WHAT YOU NEED TO DO:
Down to the last line, set down the listing below exactly, apart from its pictures.

DATASET CONTENT:
◆ ◆ ◆ ◆ ◆
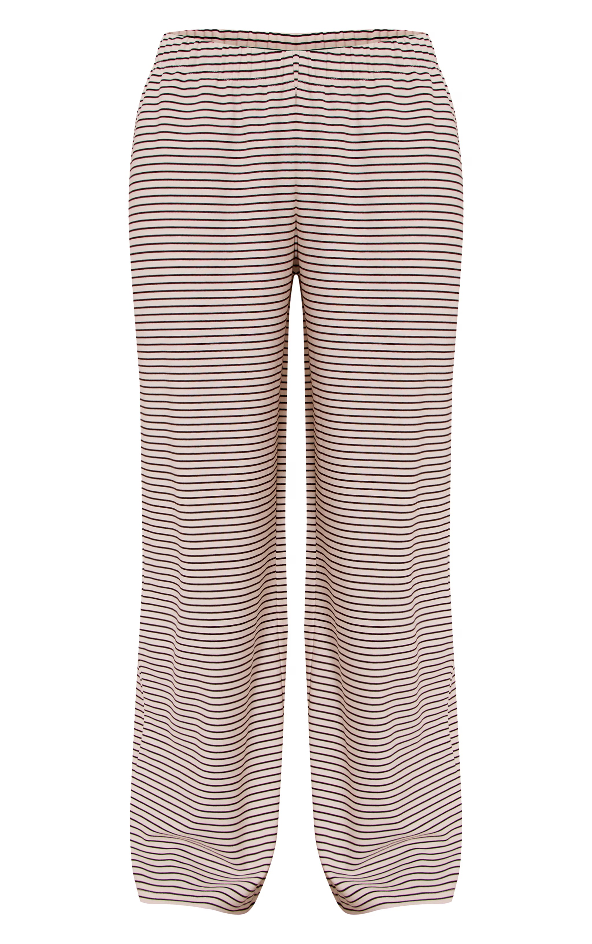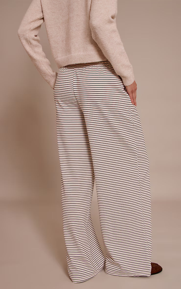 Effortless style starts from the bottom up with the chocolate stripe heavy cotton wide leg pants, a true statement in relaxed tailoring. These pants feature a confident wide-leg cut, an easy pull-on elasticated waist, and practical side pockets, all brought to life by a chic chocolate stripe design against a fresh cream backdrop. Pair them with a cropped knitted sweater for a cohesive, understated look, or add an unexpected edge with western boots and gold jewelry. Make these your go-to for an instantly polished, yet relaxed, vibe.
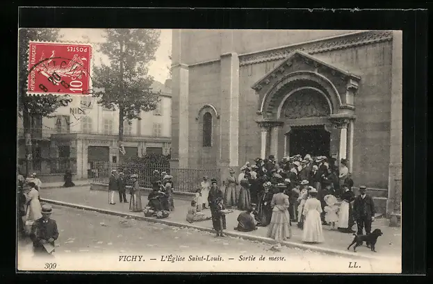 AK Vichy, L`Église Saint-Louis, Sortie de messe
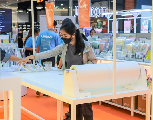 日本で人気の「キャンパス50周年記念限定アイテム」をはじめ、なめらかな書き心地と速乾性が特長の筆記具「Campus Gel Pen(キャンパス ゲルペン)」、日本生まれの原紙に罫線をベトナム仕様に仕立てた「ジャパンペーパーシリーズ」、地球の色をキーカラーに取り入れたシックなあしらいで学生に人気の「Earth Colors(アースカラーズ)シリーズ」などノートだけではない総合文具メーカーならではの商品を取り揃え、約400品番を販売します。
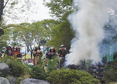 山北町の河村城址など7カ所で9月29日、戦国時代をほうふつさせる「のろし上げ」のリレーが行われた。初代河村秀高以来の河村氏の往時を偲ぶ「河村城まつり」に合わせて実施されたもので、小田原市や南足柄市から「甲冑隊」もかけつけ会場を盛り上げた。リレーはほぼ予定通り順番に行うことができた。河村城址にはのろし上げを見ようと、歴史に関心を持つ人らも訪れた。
◆ ◆ ◆ ◆ ◆
WRITTEN REPLY:
 Effortless style starts from the bottom up with the chocolate stripe heavy cotton wide leg pants, a true statement in relaxed tailoring. These pants feature a confident wide-leg cut, an easy pull-on elasticated waist, and practical side pockets, all brought to life by a chic chocolate stripe design against a fresh cream backdrop. Pair them with a cropped knitted sweater for a cohesive, understated look, or add an unexpected edge with western boots and gold jewelry. Make these your go-to for an instantly polished, yet relaxed, vibe.
 AK Vichy, L`Église Saint-Louis, Sortie de messe
 日本で人気の「キャンパス50周年記念限定アイテム」をはじめ、なめらかな書き心地と速乾性が特長の筆記具「Campus Gel Pen(キャンパス ゲルペン)」、日本生まれの原紙に罫線をベトナム仕様に仕立てた「ジャパンペーパーシリーズ」、地球の色をキーカラーに取り入れたシックなあしらいで学生に人気の「Earth Colors(アースカラーズ)シリーズ」などノートだけではない総合文具メーカーならではの商品を取り揃え、約400品番を販売します。
 山北町の河村城址など7カ所で9月29日、戦国時代をほうふつさせる「のろし上げ」のリレーが行われた。初代河村秀高以来の河村氏の往時を偲ぶ「河村城まつり」に合わせて実施されたもので、小田原市や南足柄市から「甲冑隊」もかけつけ会場を盛り上げた。リレーはほぼ予定通り順番に行うことができた。河村城址にはのろし上げを見ようと、歴史に関心を持つ人らも訪れた。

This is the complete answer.